RECORDED INFORMATION Block Start

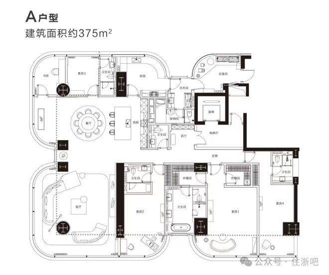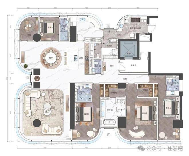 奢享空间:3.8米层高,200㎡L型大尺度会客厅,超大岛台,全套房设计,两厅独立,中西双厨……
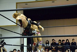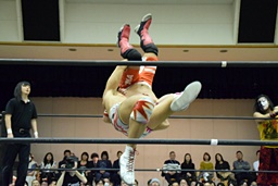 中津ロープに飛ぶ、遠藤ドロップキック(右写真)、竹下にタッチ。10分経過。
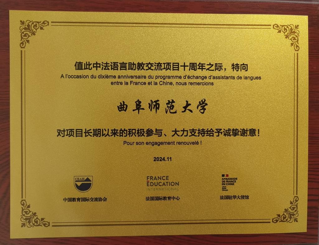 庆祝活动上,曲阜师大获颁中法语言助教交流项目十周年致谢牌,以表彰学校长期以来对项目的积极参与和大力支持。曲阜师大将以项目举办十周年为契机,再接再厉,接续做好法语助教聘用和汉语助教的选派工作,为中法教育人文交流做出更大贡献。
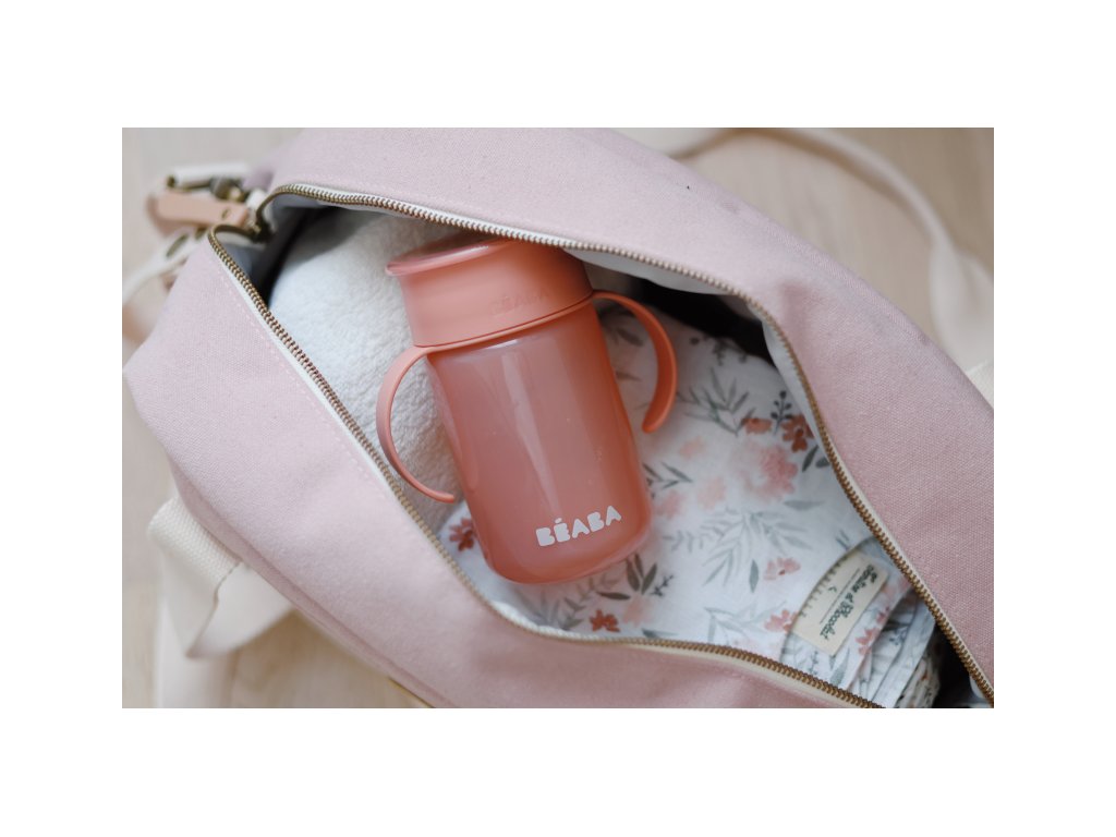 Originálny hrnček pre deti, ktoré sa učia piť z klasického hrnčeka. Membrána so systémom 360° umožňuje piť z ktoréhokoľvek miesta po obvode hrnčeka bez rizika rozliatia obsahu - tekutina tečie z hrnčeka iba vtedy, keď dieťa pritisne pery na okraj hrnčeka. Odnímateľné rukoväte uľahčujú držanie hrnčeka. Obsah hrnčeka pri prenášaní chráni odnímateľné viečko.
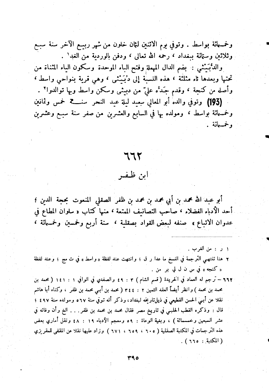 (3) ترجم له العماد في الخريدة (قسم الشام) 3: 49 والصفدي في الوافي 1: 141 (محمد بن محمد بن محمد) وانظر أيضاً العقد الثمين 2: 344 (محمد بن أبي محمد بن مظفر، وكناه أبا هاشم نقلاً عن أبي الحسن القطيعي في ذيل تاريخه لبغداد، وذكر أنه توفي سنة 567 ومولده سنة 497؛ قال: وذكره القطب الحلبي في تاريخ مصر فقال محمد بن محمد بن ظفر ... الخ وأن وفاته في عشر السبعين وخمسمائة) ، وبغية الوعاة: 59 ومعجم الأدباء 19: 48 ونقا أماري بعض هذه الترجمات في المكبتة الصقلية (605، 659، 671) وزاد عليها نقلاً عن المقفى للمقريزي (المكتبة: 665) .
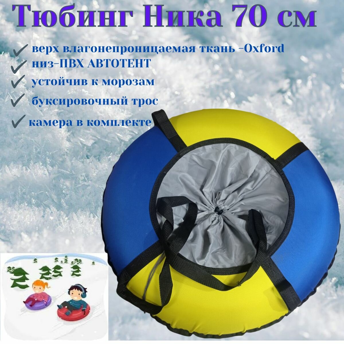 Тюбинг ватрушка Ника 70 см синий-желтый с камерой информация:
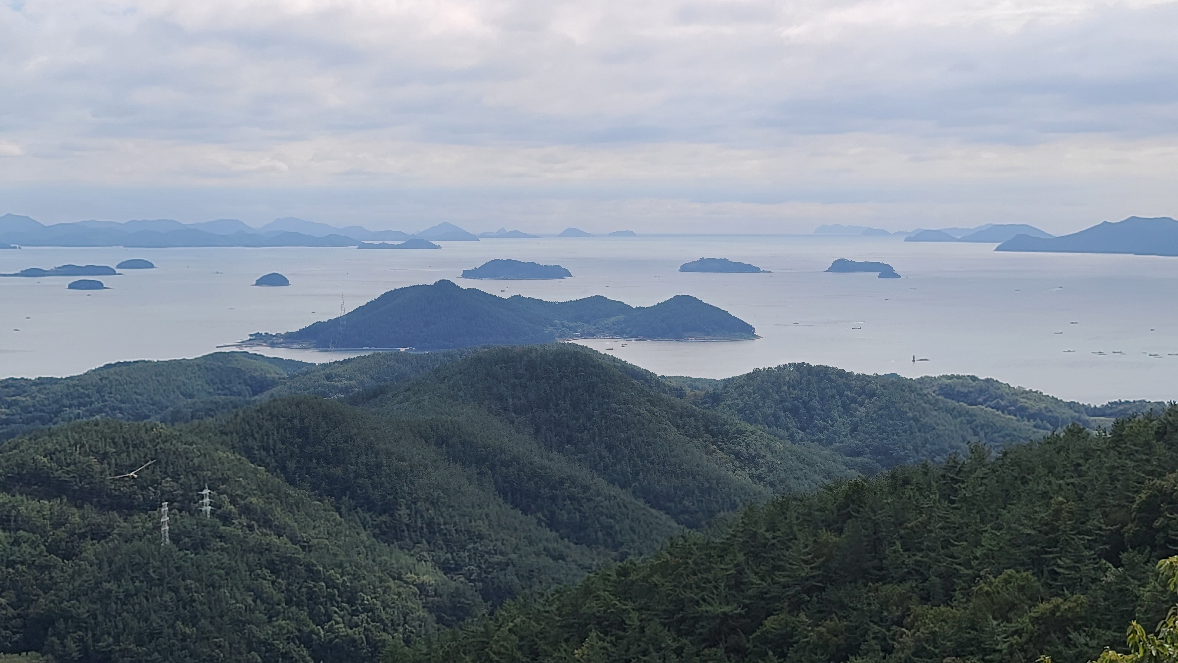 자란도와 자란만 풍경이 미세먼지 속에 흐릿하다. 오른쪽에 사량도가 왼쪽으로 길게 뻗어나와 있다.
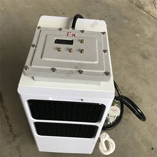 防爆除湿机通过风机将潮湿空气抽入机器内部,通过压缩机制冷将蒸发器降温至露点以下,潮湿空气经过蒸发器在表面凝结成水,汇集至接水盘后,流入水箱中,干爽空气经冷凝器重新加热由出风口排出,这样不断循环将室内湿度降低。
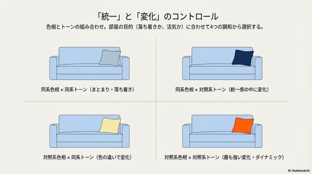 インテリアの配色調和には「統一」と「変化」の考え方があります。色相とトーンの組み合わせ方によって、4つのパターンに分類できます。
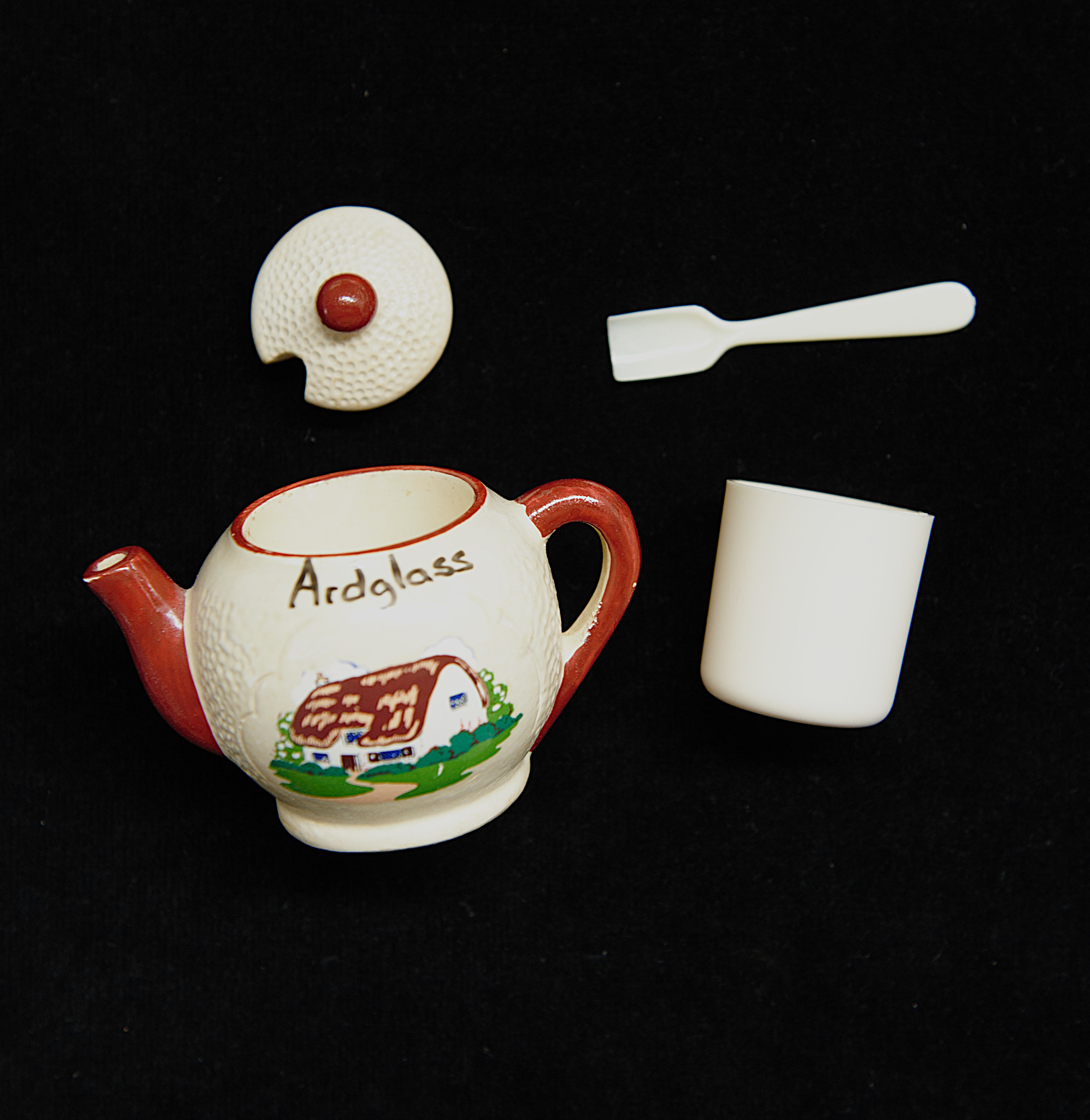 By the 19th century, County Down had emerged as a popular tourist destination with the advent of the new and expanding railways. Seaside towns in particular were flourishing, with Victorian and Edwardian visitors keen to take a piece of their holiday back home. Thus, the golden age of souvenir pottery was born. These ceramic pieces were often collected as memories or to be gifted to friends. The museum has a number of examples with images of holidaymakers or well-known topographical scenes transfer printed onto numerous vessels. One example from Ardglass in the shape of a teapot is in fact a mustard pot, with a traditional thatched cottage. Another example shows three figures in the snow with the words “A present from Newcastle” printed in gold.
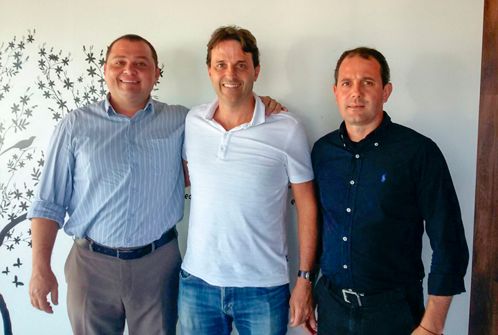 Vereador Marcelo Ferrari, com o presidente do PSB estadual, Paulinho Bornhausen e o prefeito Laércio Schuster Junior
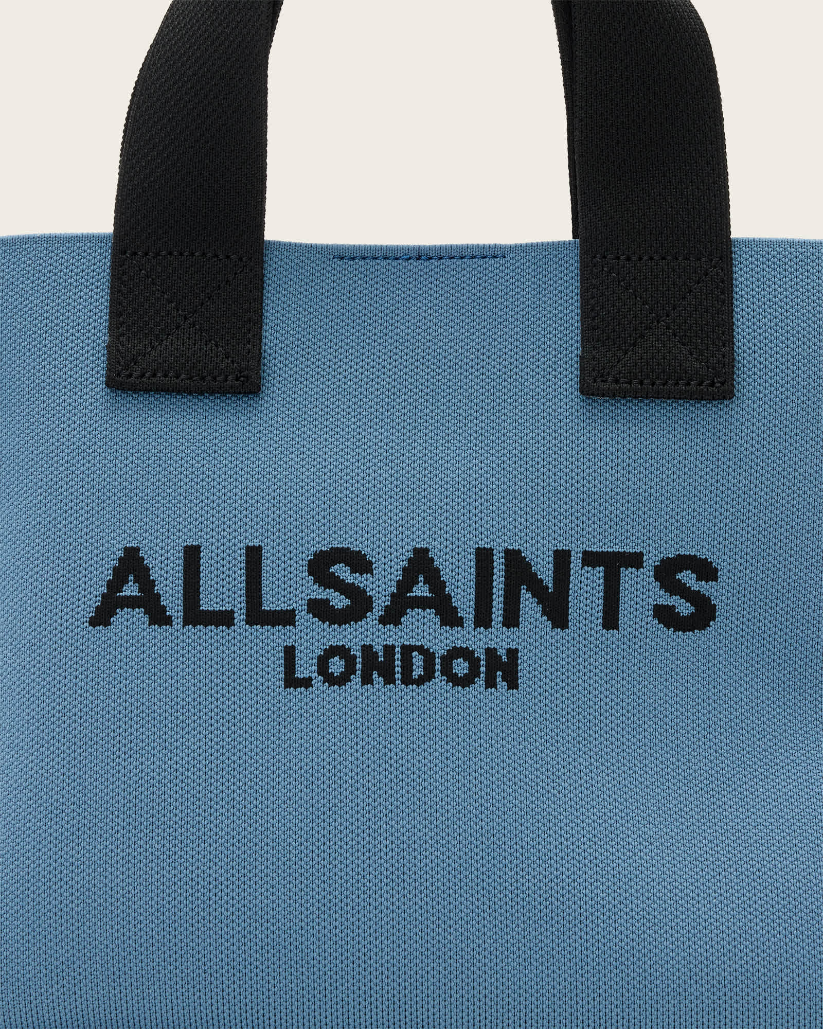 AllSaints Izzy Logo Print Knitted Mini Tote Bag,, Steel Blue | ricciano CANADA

RECORDED INFORMATION Block End

## [WORK TO COMPLETE]
From the line containing "Vereador Marcelo Ferrari, com" down to the last line of the entries above, copy each line exactly and nothing more. Leave pictures out.

## [RESPONSE AREA]
 Vereador Marcelo Ferrari, com o presidente do PSB estadual, Paulinho Bornhausen e o prefeito Laércio Schuster Junior
 AllSaints Izzy Logo Print Knitted Mini Tote Bag,, Steel Blue | ricciano CANADA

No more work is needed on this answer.